### Assignment
After locating the line that bears "CRAZY BLACK Filterzigarillos", restate word for word that line and the rest of the listing to its final line, excluding all pictures.

### Source data

--

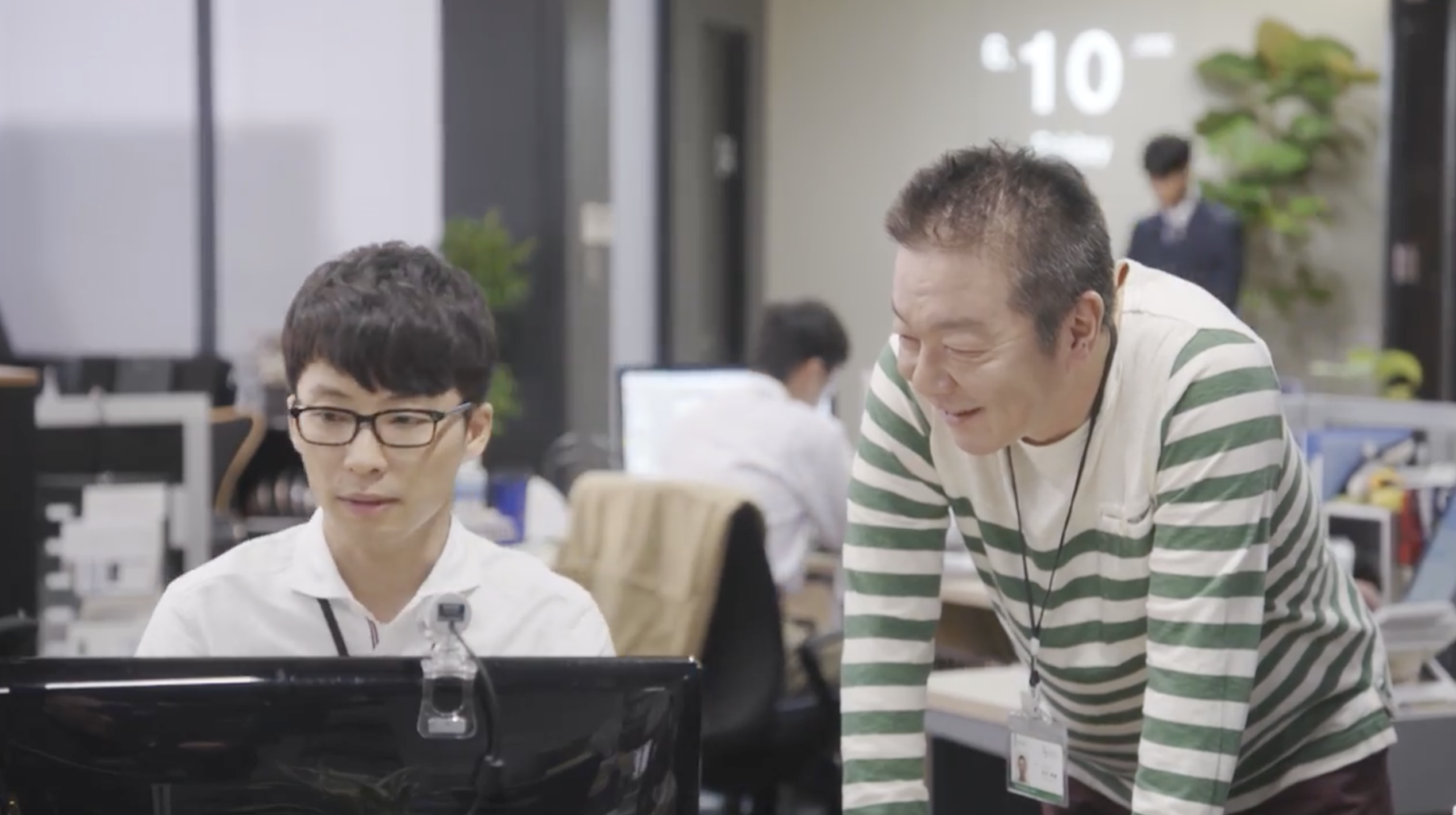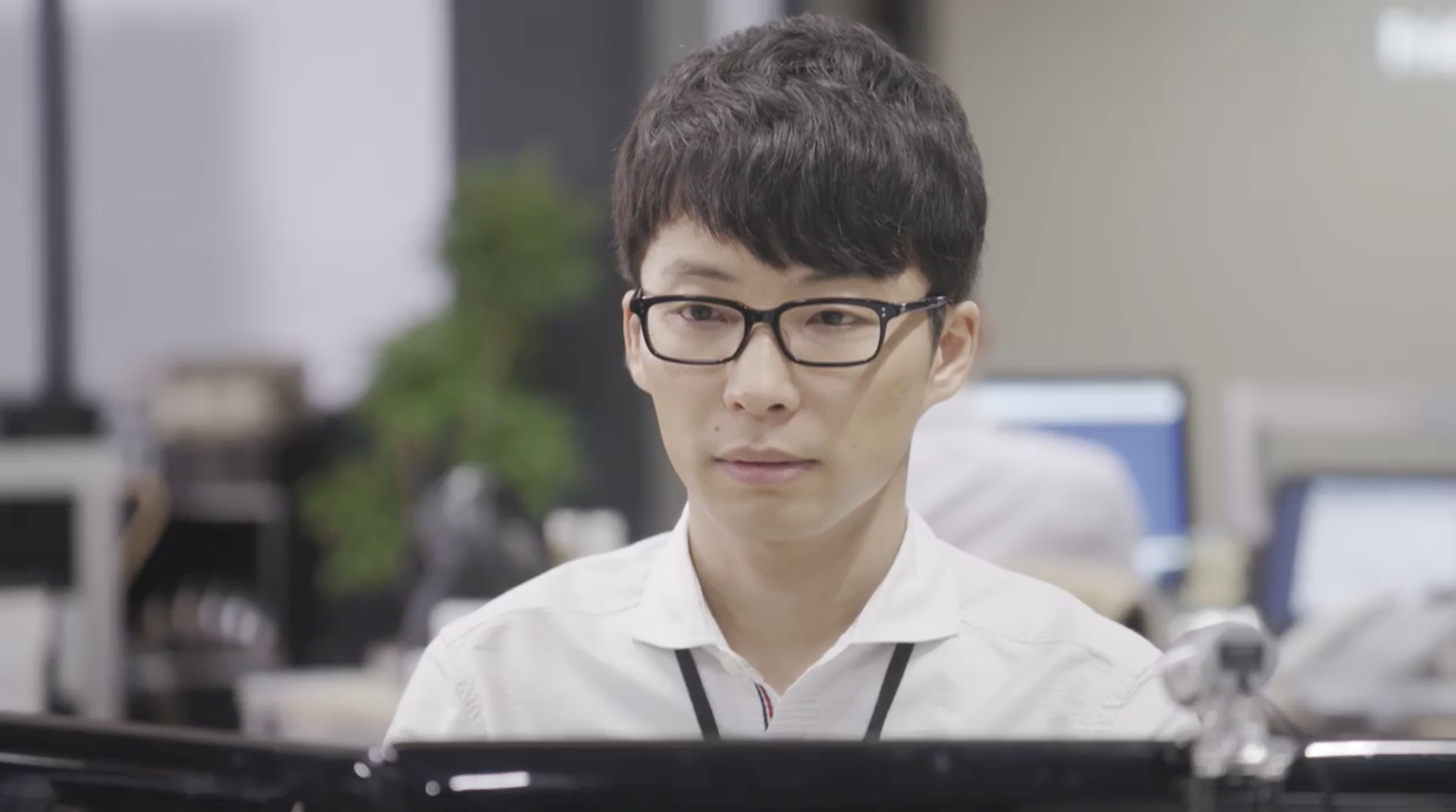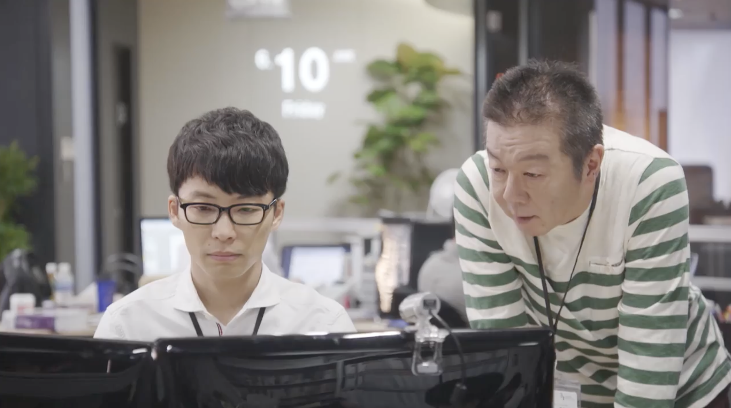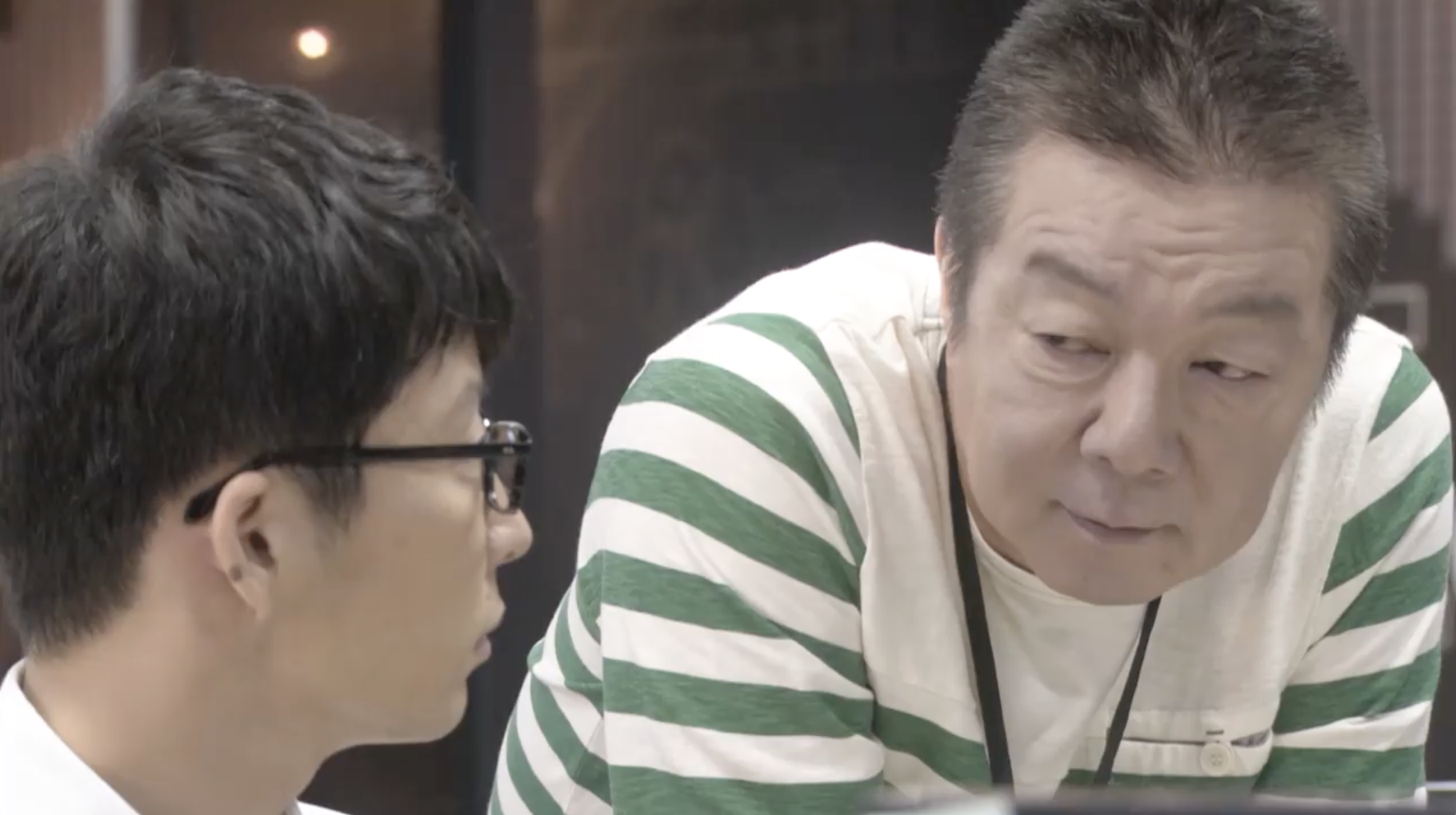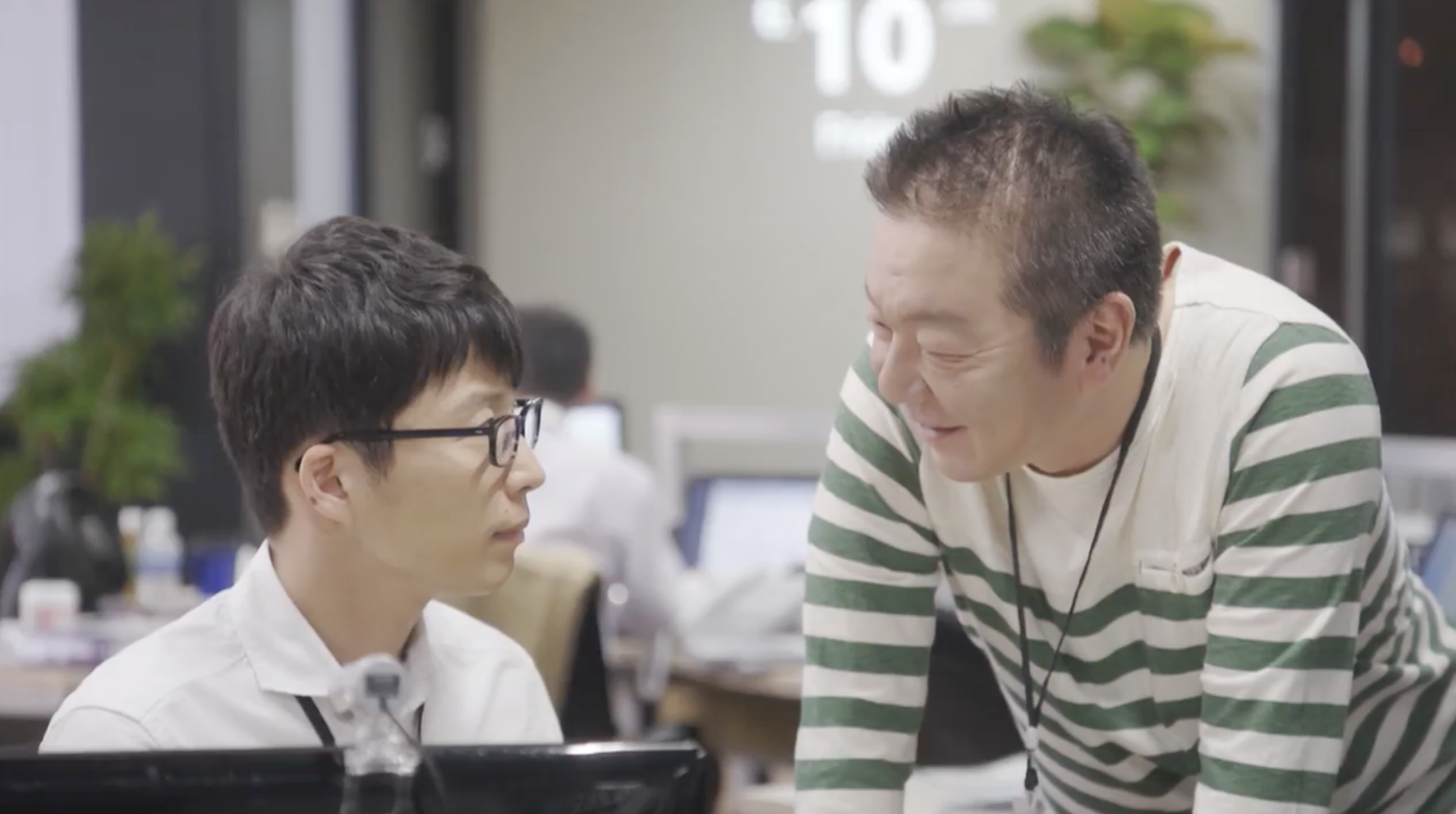 COMMENT:このシーンは、第1話の前半、スリーアイシステムのオフィスで、平匡の手がふっと止まる時間が何度も映ります。プログラム画面は開いたまま、作業が進んでいるようでいて進んでいない。周囲はいつも通りの職場のざわめきなのに、本人の中だけ別の処理が走っている感じがするんですよね。そこへ沼田が、いかにも沼田らしく距離を詰めてくる。「これ、いらないんじゃない?」とプログラム・コードの話から入りつつ、いつの間にか平匡の異変監視へと話題が移っていく。からかっているようで、実はちゃんと観察している。職業病だと言いつつ、心配を正当化している。でも、そうした沼田なりのコミュニケーション・スタイルも、平匡にとっては助け舟になっているのかもしれません。
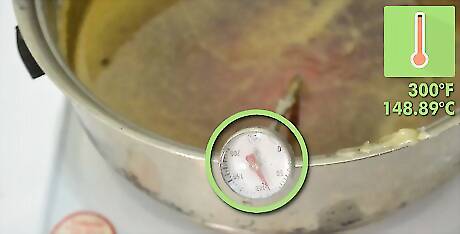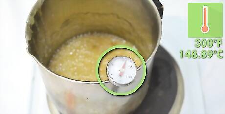 Heat the candy to 300°F (148.89°C), then remove it from heat. The candy must reach 300°F (148.89°C). This is known as the "hard crack" phase. If you do not get the candy hot enough, it will not set properly. Your candy will end up sticky no matter how long you let it sit or cool. It will take about an hour for the candy to reach the right temperature. The temperature will stop rising for a moment somewhere between 210 and 240°F (98.89 and 115.56°C). This is because the water is evaporating. Once the water has evaporated, the temperature will begin rising again. Keep the temperature between 300 and 310°F (148.89 and 154.45°C). Do not allow it to reach 320°F (160°C) or your sugar glass will caramelize and turn brown. If you do not have a candy thermometer, test the candy by dropping a tiny amount into a glass of cold water. The candy has reached the "hard crack" phase if it hardens into threads.
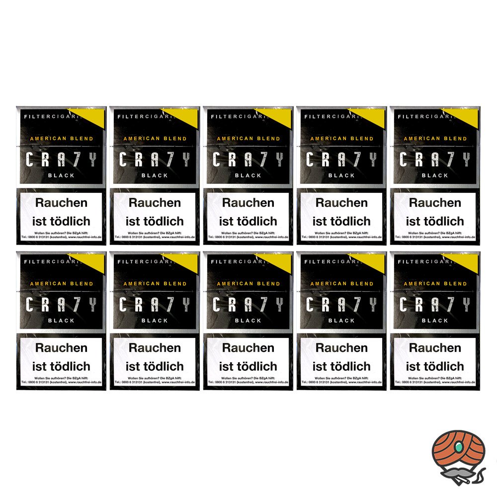 CRAZY BLACK Filterzigarillos werden mit einem Naturdeckblatt aus 100% Tabak hergestellt. Die Einlage besteht aus einer aromatischen American Blend Tabakmischung.
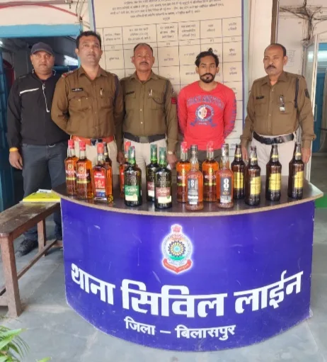 मामले का विवरण इस प्रकार है की दिनांक 17/12/2023 को थाना प्रभारी सिविल लाइन प्रदीप आर्य को जरिए मुखबिर सूचना मिला की ईमलीपारा रोड बजरंग बली मंदिर के पास एक व्यक्ति इलेक्ट्रानिक स्कूटी में शराब रखकर तस्करी कर रहा है की सूचना से श्रीमान पुलिस अधीक्षक महोदय श्री संतोष कुमार सिंह को अवगत कराया गया, जिनके द्वारा उक्त व्यक्ति को तत्काल गिरफ्तार कर कार्यवाही करने दिए गए निर्देश के पालन में अतिरिक्त पुलिस अधीक्षक महोदय शहर श्री राजेंद्र जयसवाल, नगर पुलिस अधीक्षक महोदय सिविल लाइन श्री संदीप पटेल के मार्गदर्शन में थाना प्रभारी सिविल लाइन प्रदीप आर्य द्वारा टीम बनाकर रेड कार्यवाही की गई ईमलीपारा रोड बजरंग बली मंदिर के पास एक व्यक्ति अवैध रूप से अपनी इलेक्ट्रानिक स्कुटी क्रमांक CG 10 BQ 6570 में एक हल्का पीला रंग के थैला में शराब रखकर जा रहा था जिसको रोककर पूछताछ किया गया, जिसके कब्जे से हल्का पीला रंग के थैला को चेक करने पर 05 नग बियर बटवाईजर प्रत्येक बाटल में 650ML कुल 3.250 लीटर कीमती 1150 रू., अंग्रेजी शराब 8PM 2 बाटल प्रत्येक बाटल में 750ML वाली कुल 1.500 लीटर कीमती 1760, ऐरिस्टोकेट 4 बाटल प्रत्येक बाटल में 750ML वाली कुल 3.000 लीटर कीमती 2840 रू., आर.सी 02 बाटल प्रत्येक बाटल में 750ML वाली कुल 1.500 लीटर कीमती 1760 रू. एवं सिगनेचर 03 बाटल प्रत्येक बाटल में 750ML वाली कुल 2.250 लीटर कीमती 3300 रू. शराब की मात्रा कुल जुमला 11.500 लीटर, कीमती कुल जुमला रकम 10,810 रू. बरामद होने पर धारा 91 जाफी, नोटिस जारी कर शराब रखने के संबध में एवं ओला इलेक्ट्रानिक स्कुटी से परिवहन करने के संबंध में कोई वैध कागजात पेश नही करने पर समक्ष गवाहन के मुताबिक जप्ती पत्रक के उपरोक्त शराब व परिवहन में प्रयुक्त ओला इलेक्ट्रानिक स्कुटी क्रमांक CG10 BQ 6570 कीमती करीब 1,25,000 रूपये जुमला कीमती 1,35,810 रूपये विधिवत जप्त कर कब्जा पुलिस लिया गया तथा आरोपी एवं उपरोक्त जप्तशुदा शराब एवं ओला इलेक्ट्रानिक स्कुटी क्रमांक CG10 BQ 6570 को थाना लाया गया विधिवत अपराध पंजीबद्ध कर माननीय न्यायालय के समक्ष पेश किया गया

--

### Task result
 CRAZY BLACK Filterzigarillos werden mit einem Naturdeckblatt aus 100% Tabak hergestellt. Die Einlage besteht aus einer aromatischen American Blend Tabakmischung.
 मामले का विवरण इस प्रकार है की दिनांक 17/12/2023 को थाना प्रभारी सिविल लाइन प्रदीप आर्य को जरिए मुखबिर सूचना मिला की ईमलीपारा रोड बजरंग बली मंदिर के पास एक व्यक्ति इलेक्ट्रानिक स्कूटी में शराब रखकर तस्करी कर रहा है की सूचना से श्रीमान पुलिस अधीक्षक महोदय श्री संतोष कुमार सिंह को अवगत कराया गया, जिनके द्वारा उक्त व्यक्ति को तत्काल गिरफ्तार कर कार्यवाही करने दिए गए निर्देश के पालन में अतिरिक्त पुलिस अधीक्षक महोदय शहर श्री राजेंद्र जयसवाल, नगर पुलिस अधीक्षक महोदय सिविल लाइन श्री संदीप पटेल के मार्गदर्शन में थाना प्रभारी सिविल लाइन प्रदीप आर्य द्वारा टीम बनाकर रेड कार्यवाही की गई ईमलीपारा रोड बजरंग बली मंदिर के पास एक व्यक्ति अवैध रूप से अपनी इलेक्ट्रानिक स्कुटी क्रमांक CG 10 BQ 6570 में एक हल्का पीला रंग के थैला में शराब रखकर जा रहा था जिसको रोककर पूछताछ किया गया, जिसके कब्जे से हल्का पीला रंग के थैला को चेक करने पर 05 नग बियर बटवाईजर प्रत्येक बाटल में 650ML कुल 3.250 लीटर कीमती 1150 रू., अंग्रेजी शराब 8PM 2 बाटल प्रत्येक बाटल में 750ML वाली कुल 1.500 लीटर कीमती 1760, ऐरिस्टोकेट 4 बाटल प्रत्येक बाटल में 750ML वाली कुल 3.000 लीटर कीमती 2840 रू., आर.सी 02 बाटल प्रत्येक बाटल में 750ML वाली कुल 1.500 लीटर कीमती 1760 रू. एवं सिगनेचर 03 बाटल प्रत्येक बाटल में 750ML वाली कुल 2.250 लीटर कीमती 3300 रू. शराब की मात्रा कुल जुमला 11.500 लीटर, कीमती कुल जुमला रकम 10,810 रू. बरामद होने पर धारा 91 जाफी, नोटिस जारी कर शराब रखने के संबध में एवं ओला इलेक्ट्रानिक स्कुटी से परिवहन करने के संबंध में कोई वैध कागजात पेश नही करने पर समक्ष गवाहन के मुताबिक जप्ती पत्रक के उपरोक्त शराब व परिवहन में प्रयुक्त ओला इलेक्ट्रानिक स्कुटी क्रमांक CG10 BQ 6570 कीमती करीब 1,25,000 रूपये जुमला कीमती 1,35,810 रूपये विधिवत जप्त कर कब्जा पुलिस लिया गया तथा आरोपी एवं उपरोक्त जप्तशुदा शराब एवं ओला इलेक्ट्रानिक स्कुटी क्रमांक CG10 BQ 6570 को थाना लाया गया विधिवत अपराध पंजीबद्ध कर माननीय न्यायालय के समक्ष पेश किया गया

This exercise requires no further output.